Then, this is where the magic happens. Neural networks, thanks to their mathematical properties, know how to change their internal parameters to make the loss smaller. Upon receiving some large loss, the neural network goes, “Oops, sorry, that was my mistake, but I’ll do better next round!” and changes its parameters. Remember I talked about a function that you write in a programming language that has some magic constants in it? Neural networks act like that function but know exactly how to change the magic constants to reduce the loss. They do this for each and every instance in the training data, so that they can produce more correct answers for as many instances as possible. Of course, they can’t reach the perfect answer after adjusting the parameters only once. It requires multiple passes, called epochs, over the training data. Figure 2.9 shows the overall training procedure for neural networks.

CH02_F09_Hagiwara

Figure 2.9 Overall training procedure for neural networks

The process where a neural network computes an output from an input using the current set of parameters is called the forward pass. This is why the main function in listing 2.1 is called forward(). The way the loss is fed back to the neural network is called backpropagation. An algorithm called stochastic gradient descent (SGD) is often used to minimize the loss. The process where the loss is minimized is called optimization, and the algorithm (such as SGD) used to achieve this is called the optimizer. You can initialize an optimizer using PyTorch as follows:

optimizer = optim.Adam(model.parameters())

Here, we are using one type of optimizer called Adam. There are many types of optimizers proposed in the neural network community, but the consensus is that there is no single optimization algorithm that works well for any problem, and you should be ready to experiment with multiple ones for your own problem.

OK, that was a lot of technical terms. You don’t need to know the details of those algorithms for now, but it’d be helpful if you learn just the terms and what they roughly mean. If you write the entire training process in Python pseudocode, it will appear as shown in listing 2.2. Note that there are two nested loops, one over epochs and another over instances.

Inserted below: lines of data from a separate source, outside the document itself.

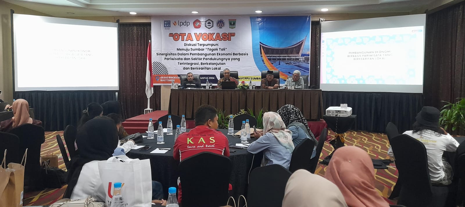 BUKITTINGGI, hantaran.co – Konsorsium Perguruan Tinggi Vokasi (PTV) mengelar Ota Vokasi diskusi terpumpun menuju Sumbar Tagak Tali. Sinergitas dalam pembangunan ekonomi berbasis pariwisata dan sektor pendukungnya yang terintegrasi, berkelanjutan dan berkesinambungan di Hotel Rocky Bukittinggi, Sabtu (10/8).
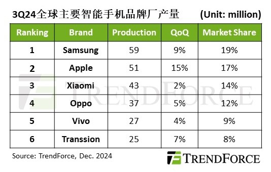 TrendForce集邦咨詢: 受銷售旺季和旗艦新機(jī)推動(dòng),3Q24智能手機(jī)產(chǎn)量季增7%
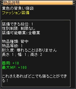 ![]() 黄色の背負い寝袋 NEW レア度: ★☆☆☆☆ |

Listing 2.2 Pseudocode for the neural network training loop

MAX_EPOCHS = 100
model = Model()
 
for epoch in range(MAX_EPOCHS):
    for instance, label in train_set:
        prediction = model.forward(instance)
        loss = loss_function(prediction, label)
        new_model = optimizer(model, loss)
        model = new_model

2.6 Training your own classifier

In this section, we are going to train our own classifier using AllenNLP’s training framework. I’ll also touch upon the concept of batching, an important practical concept that is used in training neural network models.

2.6.1 Batching

So far, I have left out one piece of detail—batching. We assumed that an optimization step happens for each and every instance, as you saw in the earlier pseudocode. In practice, however, we usually group a number of instances together and feed them to a neural network, updating model parameters per each group, not per each instance. We call this group of instances a batch.

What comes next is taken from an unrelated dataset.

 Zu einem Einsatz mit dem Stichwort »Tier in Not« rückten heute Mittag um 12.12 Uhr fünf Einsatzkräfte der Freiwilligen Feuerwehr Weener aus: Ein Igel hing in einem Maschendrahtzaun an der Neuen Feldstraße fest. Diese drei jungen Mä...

Batching is a good idea for a couple of reasons. The first is stability. Any data is inherently noisy. Your dataset may contain sampling and labeling errors. If you update your model parameters for every instance, and if some instances contain errors, the update is influenced too much by the noise. But if you group instances into batches and compute the loss for the entire batch, not for individual instances, you can “average out” small errors and the feedback to your model stabilizes.

The second reason is speed. Training neural networks involves a huge number of arithmetic operations such as matrix additions and multiplications, and it is often done on GPUs (graphics processing units). Because GPUs are designed so that they can process a huge number of arithmetic operations in parallel, it is often efficient if you pass a large amount of data and process it at once instead of passing instances one by one. Think of a GPU as a factory overseas that manufactures products based on your specifications. Because factories are often optimized for manufacturing a small variety of products at a large quantity, and there is overhead in communicating and shipping products, it is more efficient if you make a small number of orders for manufacturing a large quantity of products instead of making a large number of orders for manufacturing a small quantity of products, even if you want the same quantity of products in total in either way.

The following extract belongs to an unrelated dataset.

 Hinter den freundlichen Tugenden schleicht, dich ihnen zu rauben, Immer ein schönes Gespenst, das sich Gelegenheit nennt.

It is easy to group instances into batches using AllenNLP. The framework uses PyTorch’s DataLoader abstraction, which takes care of receiving instances and returning batches. We’ll use a BucketBatchSampler that groups instances into buckets of similar lengths, as shown in the next code snippet. I’ll discuss why it’s important in later chapters:

sampler = BucketBatchSampler(batch_size=32, sorting_keys=["tokens"])
train_data_loader = MultiProcessDataLoader(reader, train_path, batch_sampler=sampler)
dev_data_loader = MultiProcessDataLoader(reader, dev_path, batch_sampler=sampler)

The parameter batch_size specifies the size of the batch (the number of instances in a batch). There is often a “sweet spot” in adjusting this parameter. It should be large enough to have any effect of the batching I mentioned earlier, but also small enough so that batches fit in the GPU memory, because factories have the maximum capacity of products they can manufacture at once.

2.6.2 Putting everything together

Now you are ready to train your sentiment analyzer. We assume that you already defined and initialized your model as follows:

model = LstmClassifier(word_embeddings, encoder, vocab)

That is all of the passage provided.